Leave the images out and repeat the data exactly as given.
----- Given information -----
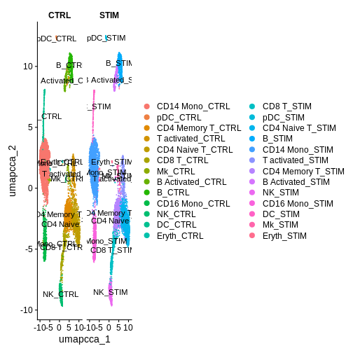 label = T, split.by = "stim") # Lets separate by condition to see what we've done a bit more clearly
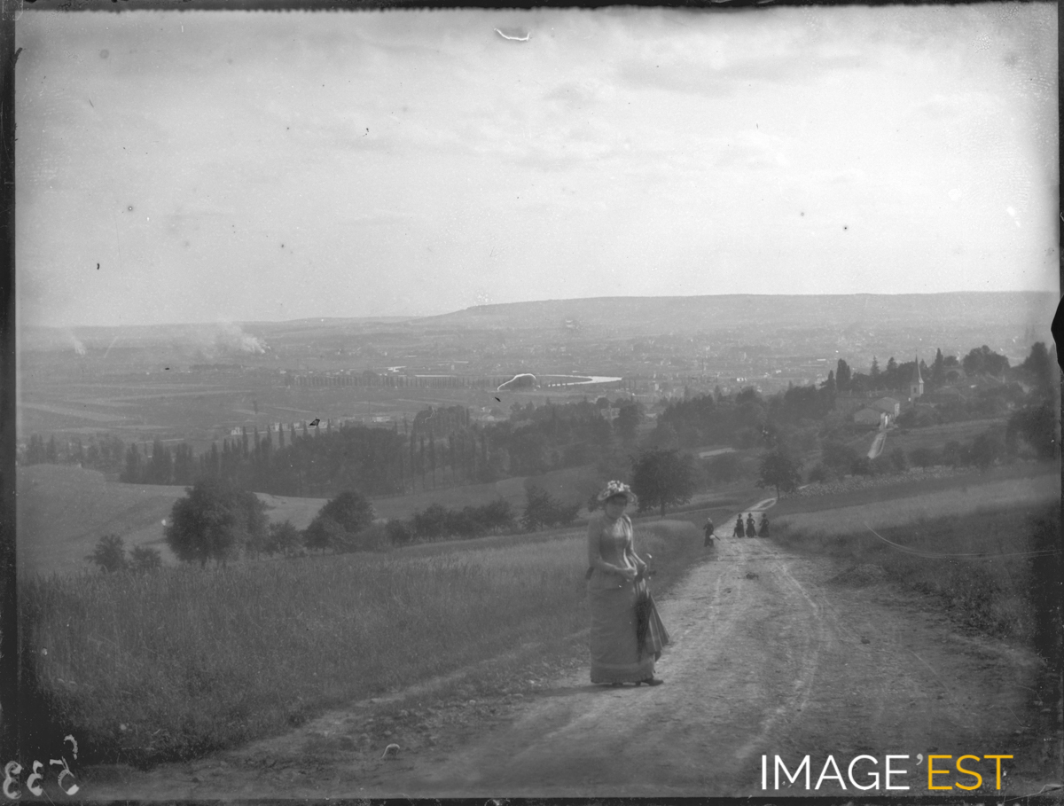Femme sur une allée dans la campagne lorraine probablement proche de Nancy (Meurthe-et-Moselle). À remarquer le groupe de femmes au bout du chemin et une église parmi plusieurs maisons sur les hauteurs. À l'arrière-plan, les méandres d'un cours d'eau et des fumées de cheminées d'usines.
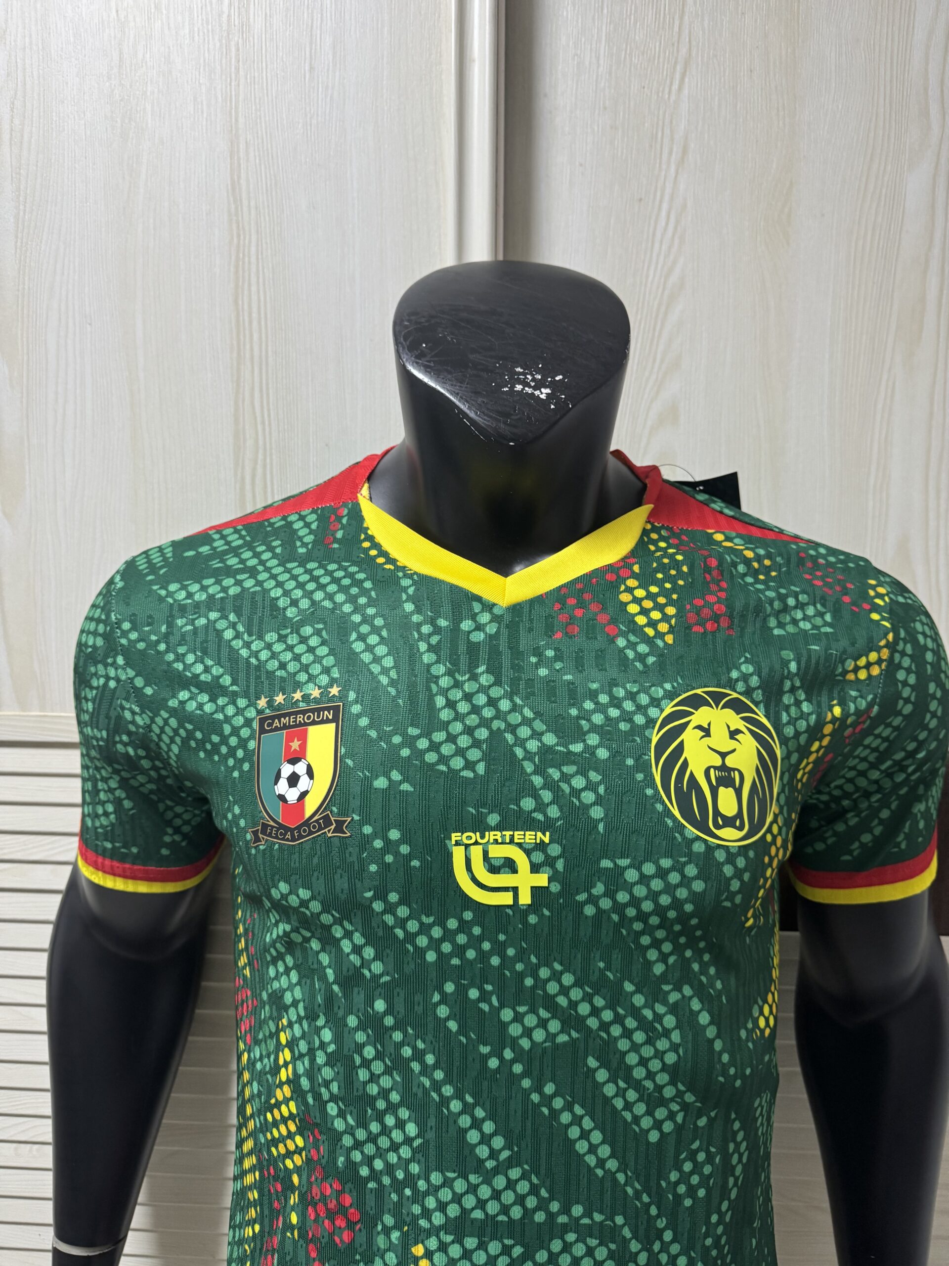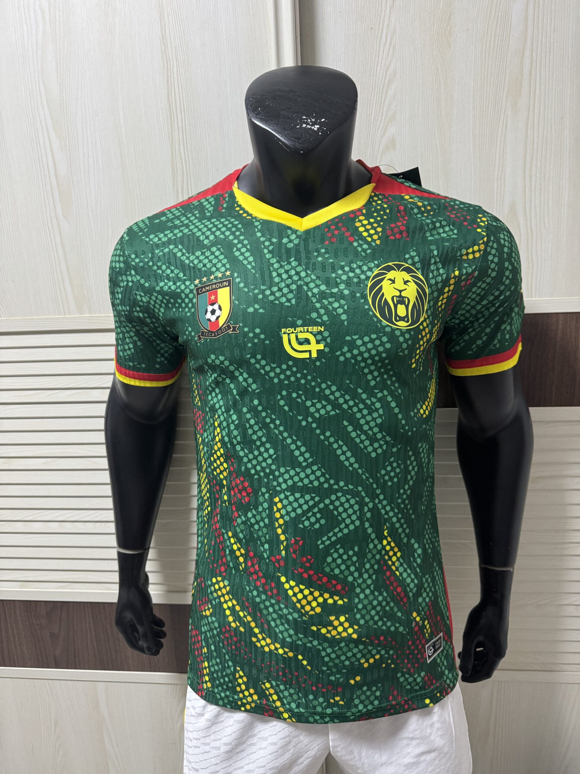 The home kit showcases Cameroon’s traditional green colour scheme with a tonal lion graphic subtly embedded in the fabric, creating a dynamic visual effect across the front. Yellow v-neck collar trim and sleeve cuffs feature red and green striping representing the national colours. FOOTBALL FASHION The shirt displays the Cameroon Football Federation crest with five stars on the left chest — representing the nation’s five Africa Cup of Nations titles — the Fourteen logo in the centre, and a roaring lion emblem on the right. FOOTBALL FASHION
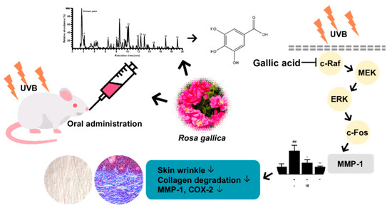 Jo, S.; Jung, Y.-S.; Cho, Y.-R.; Seo, J.-W.; Lim, W.-C.; Nam, T.-G.; Lim, T.-G.; Byun, S. Oral Administration of Rosa gallica Prevents UVB−Induced Skin Aging through Targeting the c−Raf Signaling Axis. Antioxidants 2021, 10, 1663. https://doi.org/10.3390/antiox10111663
-----
§ Expected answer:
 label = T, split.by = "stim") # Lets separate by condition to see what we've done a bit more clearly
Femme sur une allée dans la campagne lorraine probablement proche de Nancy (Meurthe-et-Moselle). À remarquer le groupe de femmes au bout du chemin et une église parmi plusieurs maisons sur les hauteurs. À l'arrière-plan, les méandres d'un cours d'eau et des fumées de cheminées d'usines.
 The home kit showcases Cameroon’s traditional green colour scheme with a tonal lion graphic subtly embedded in the fabric, creating a dynamic visual effect across the front. Yellow v-neck collar trim and sleeve cuffs feature red and green striping representing the national colours. FOOTBALL FASHION The shirt displays the Cameroon Football Federation crest with five stars on the left chest — representing the nation’s five Africa Cup of Nations titles — the Fourteen logo in the centre, and a roaring lion emblem on the right. FOOTBALL FASHION
 Jo, S.; Jung, Y.-S.; Cho, Y.-R.; Seo, J.-W.; Lim, W.-C.; Nam, T.-G.; Lim, T.-G.; Byun, S. Oral Administration of Rosa gallica Prevents UVB−Induced Skin Aging through Targeting the c−Raf Signaling Axis. Antioxidants 2021, 10, 1663. https://doi.org/10.3390/antiox10111663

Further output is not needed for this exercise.